Interestingly, during our discussion on this topic in divinity class, I was the only student to wonder about Eve. I am also the only mother actively parenting two children. The majority of the discussion centered around motivation, weapons and the impact on civilization. These are all noble, fascinating and interesting topics of conversation. They're clearly more common than my own ponderings as to whether or not Eve used 'time out' with the boys or took away bird watching privileges. I wish I could meet Eve for coffee....in the years before the scene played out to its dire end. I wonder if she could have used a sympathetic ear, a mother's night out or some brainstorming strategies to get those boys to behave. I also wish I could pick her brain about being the mother of civilization as we know it. But, that might have to be a discussion for another time. In short, I wonder if Eve was as emotionally exhausted as most mothers are today. I wonder if she was surprised by Cain's vicious attack, or if she would have shook her head sadly and said, "I saw it coming, but there was nothing I could do."

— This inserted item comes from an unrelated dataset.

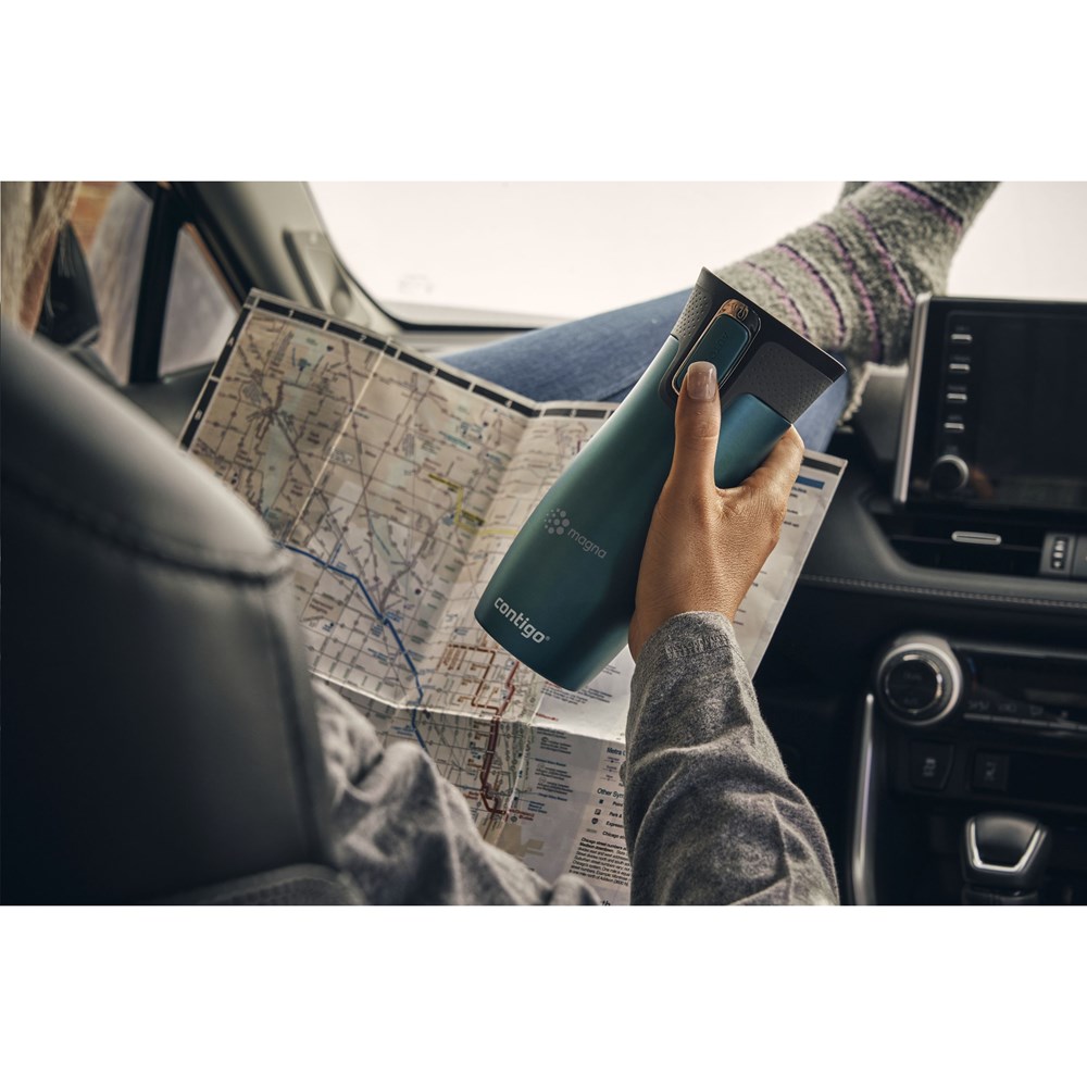 Doppelwandiger vakuumisolierte Thermobecher mit Innenwand aus rostfreiem Edelstahl. Ausgestattet mit AUTOSEAL™-Technologie (100% sicher vor Verschütten oder Auslaufen) und extra Sicherheitsverschluss. Die Trinköffnung schließt sich automatisch nach jedem Schluck. Die THERMALOCK™-Technologie hält Getränke bis zu 12 Stunden kalt oder bis zu 5 Stunden warm. Nur der Deckel ist spühmaschinengeeignet (in der oberen Korb stellen). Spülen Sie den Becher mit der Hand. Fassungsvermögen: 470 ml. LAGERBESTANDSINFORMATION: Bis zu 1.000 Stück innerhalb von 10 Arbeitstagen verfügbar. Ausnahmen vorbehalten. Contigo: der Spezialist bei Qualität, Design und Technologie. Direkt erkennbar an dem schlichten und zeitlosen Design - haltbar und robust. Die innovativen Contigo Wasserflaschen und Thermobecher sind geruchs- und geschmacksneutral und BPA-frei. Mit 2 Jahre Herstellergarantie.
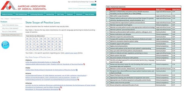 2 AAMA. “State Scope of Practice Laws.” Available from: https://www.aama-ntl.org/employers/state-scope-of-practice-laws.

Being a mother is challenging on the best of days. We love our children, and we want them to love each other. We hope that they will take the very best of the lessons we try to teach them and bring those out into the world. We do not expect them to behave like cranky, irresponsible, angry beasts. As we read any book, whether it's the Bible, or a popular piece of fiction, we read it with eyes that have come from experience. It's virtually impossible to separate our lives from our ways of interpretation. What is important to us in life will be the details we pick up the most on as we read. The Bible isn't any different in this sense: stories that speak to our hearts are the ones that resonate with us. As a mother of two, I found that my interpretation of Genesis 4 was radically different from that of my classmates. Perhaps that's one of the most fascinating aspects of education...what we bring into the classroom is what we can share with others.

While I'll never be able to encourage Eve to treat the boys evenly, and to build up their self-esteem in the ways in which each of her sons needed it most, I can relate to her 'untold' part of this story: that of a mother dealing with sibling rivalry. As my children have grown up, their conflicts are less pronounced and they even have fun together once again. I may still not like it when they bicker or pointedly ignore one another, but I do see an improvement that's come with maturity. I no longer have to referee the "I'm not touching you!" drama coming from the back seat of the car. But, I can still pray, encourage and hope for my son and daughter to establish a positive relationship as they get older.

At least, I won't have to pull over to the side of the road and seethe, "Nobody is ever to touch anybody again!".